___ Material provided

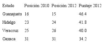 El ICE 2014 señala que entre 2010 y 2012, las entidades mejor posicionadas resultaron ser el Distrito Federal (nombrada por decreto, desde enero de 2016, como Ciudad de México), Baja California Sur, Aguascalientes, Nuevo León y Querétaro, mientras que las menos competitivas6 resultaron ser Guerrero, Oaxaca, Chiapas, Tlaxcala y Durango. En lo que concierne a las entidades federativas vinculadas a las localidades participantes en la presente investigación (ver Tabla 5), se observa que Guanajuato es la más competitiva, al ocupar el lugar 15 a nivel nacional, lo cual es consistente con el resultado a nivel ciudad, donde Salamanca resultó ser la mejor posicionada. Después de Guanajuato se ubicaron en lugares muy próximos Hidalgo y Veracruz (posiciones 24 y 26). Los resultados relativos en Veracruz guardan correspondencia con el análisis por ciudad, ya que después de Salamanca, las más competitivas y sustentables resultaron ser Coatzacoalcos y Minatitlán; no ocurre lo mismo con la ciudad representante de Hidalgo, ya que Tula es la ciudad petrolera con menor ICCS y registra además una de las notas más bajas a nivel nacional en su categoría. Finalmente aparece el estado de Oaxaca, el más rezagado en el estudio y uno de los menos competitivos a nivel nacional (lugar 31, sólo superando a Guerrero); lo que ocurre en esta entidad permite comprender, en buena medida, la insatisfactoria posición de Tehuantepec-Salina Cruz en materia de competitividad y sustentabilidad.
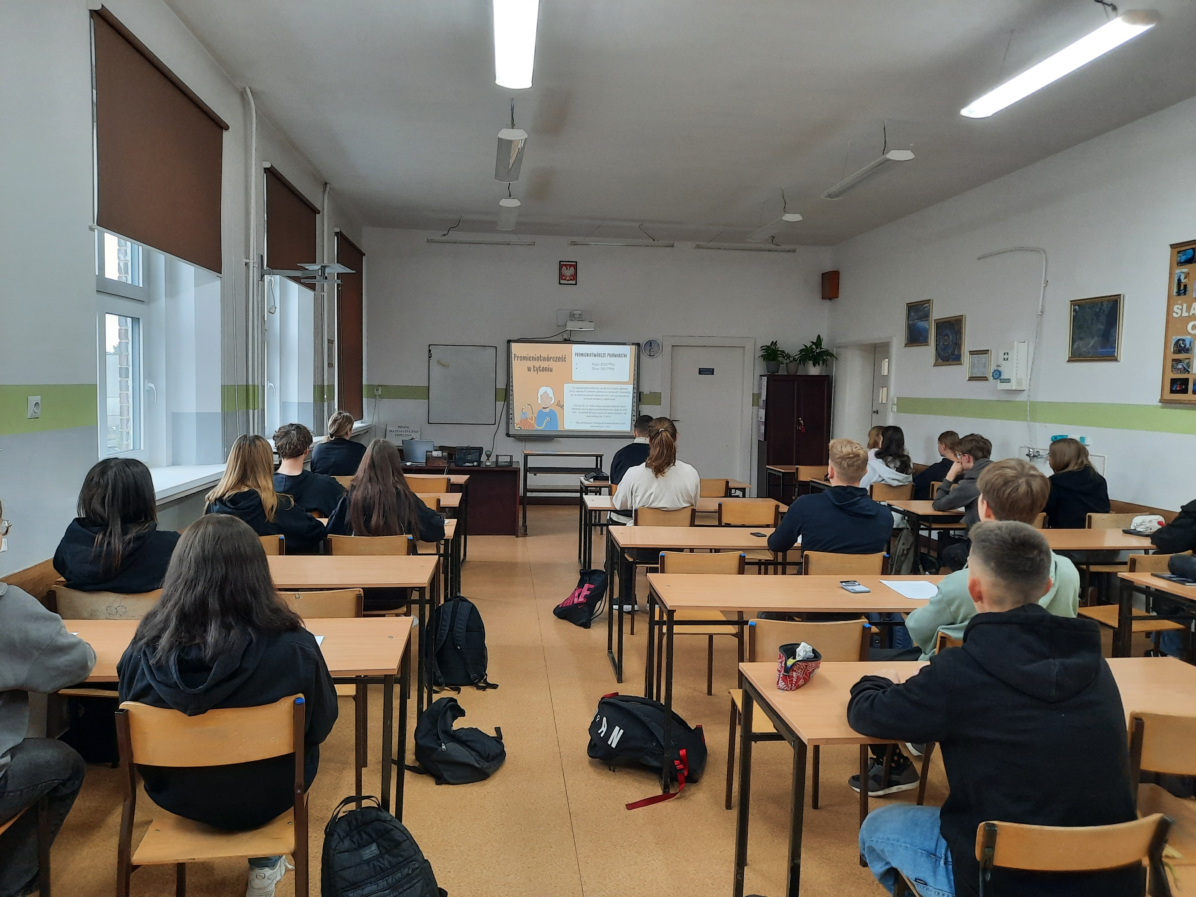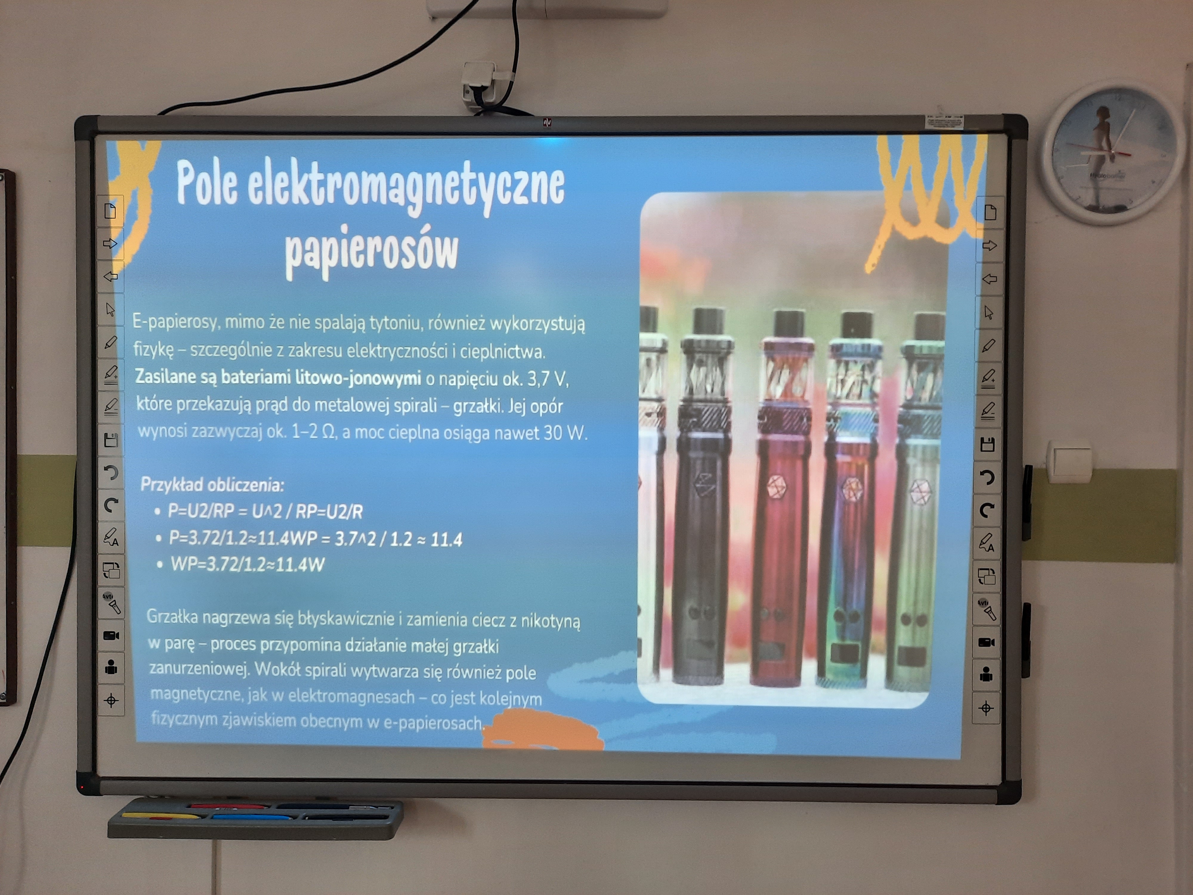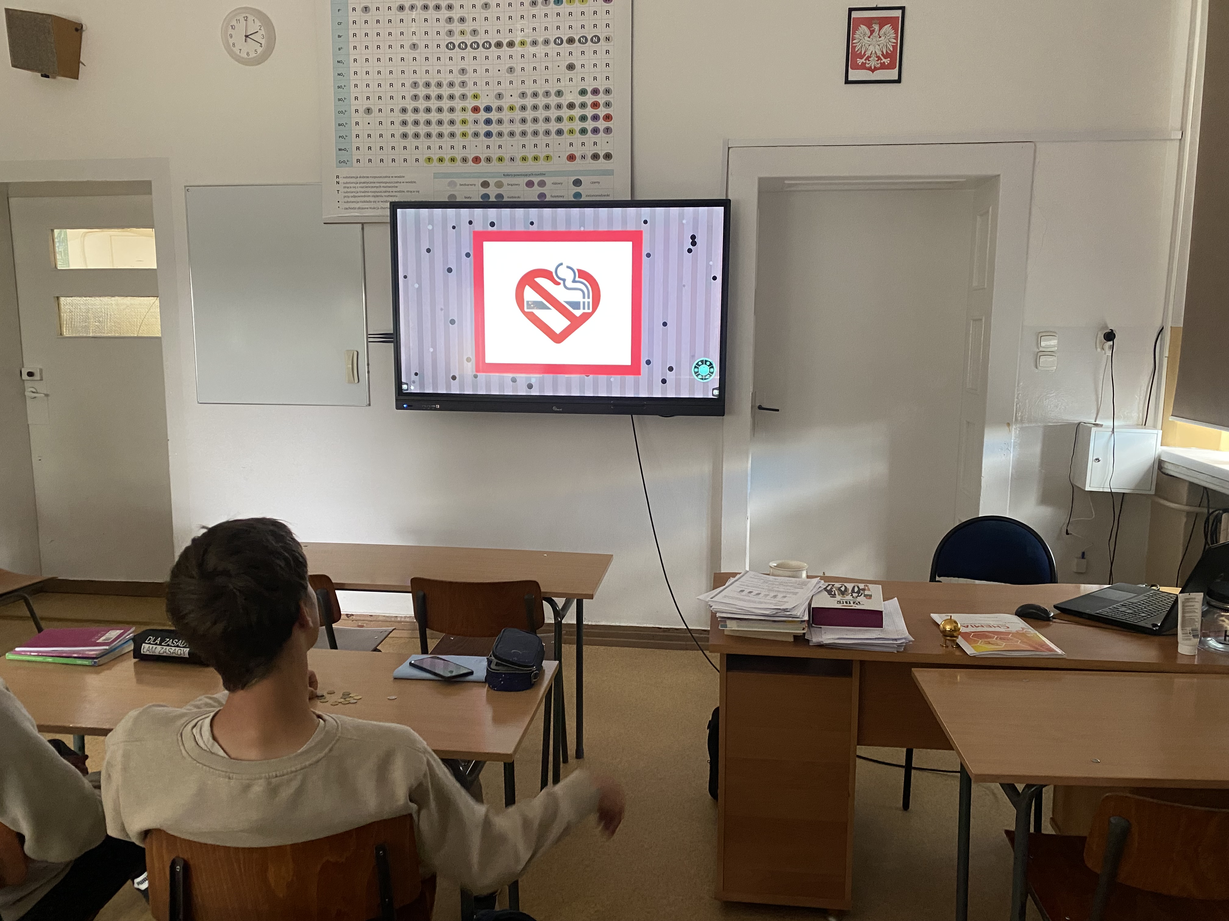 Na lekcjach fizyki pod hasłem „Fizyka w cieniu dymu-nikotyna” uczniowie reprezentowali i dyskutowali na temat negatywnego wpływu nikotyny na organizm człowieka.
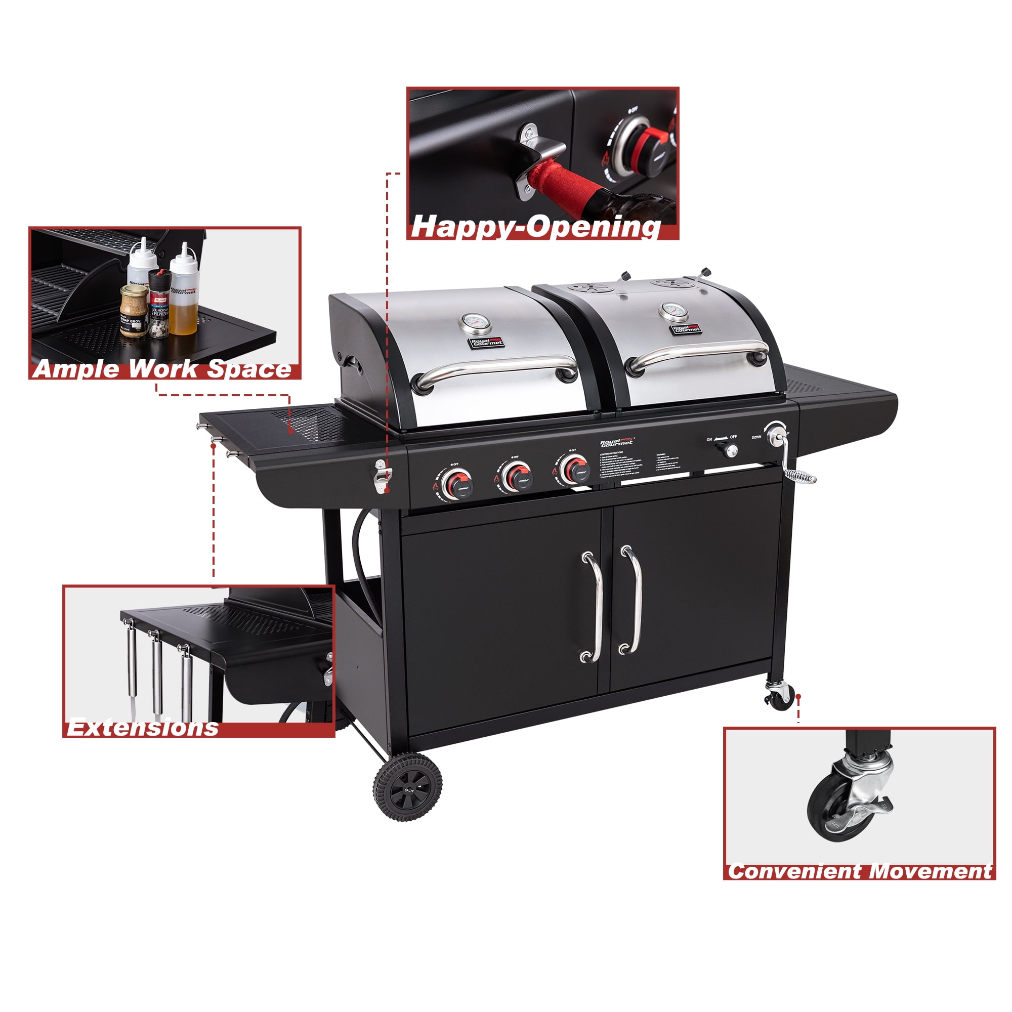 Royal Gourmet ZH3002N 3-Burner 25.500 BTU Gas/Charcoal Combo Grill

______

What to do> The result should be a transcript of the lines from the line containing "Na lekcjach fizyki" through the end of the listing above, exact, inclusive, and without pictures.

Response to this task>
 Na lekcjach fizyki pod hasłem „Fizyka w cieniu dymu-nikotyna” uczniowie reprezentowali i dyskutowali na temat negatywnego wpływu nikotyny na organizm człowieka.
 Royal Gourmet ZH3002N 3-Burner 25.500 BTU Gas/Charcoal Combo Grill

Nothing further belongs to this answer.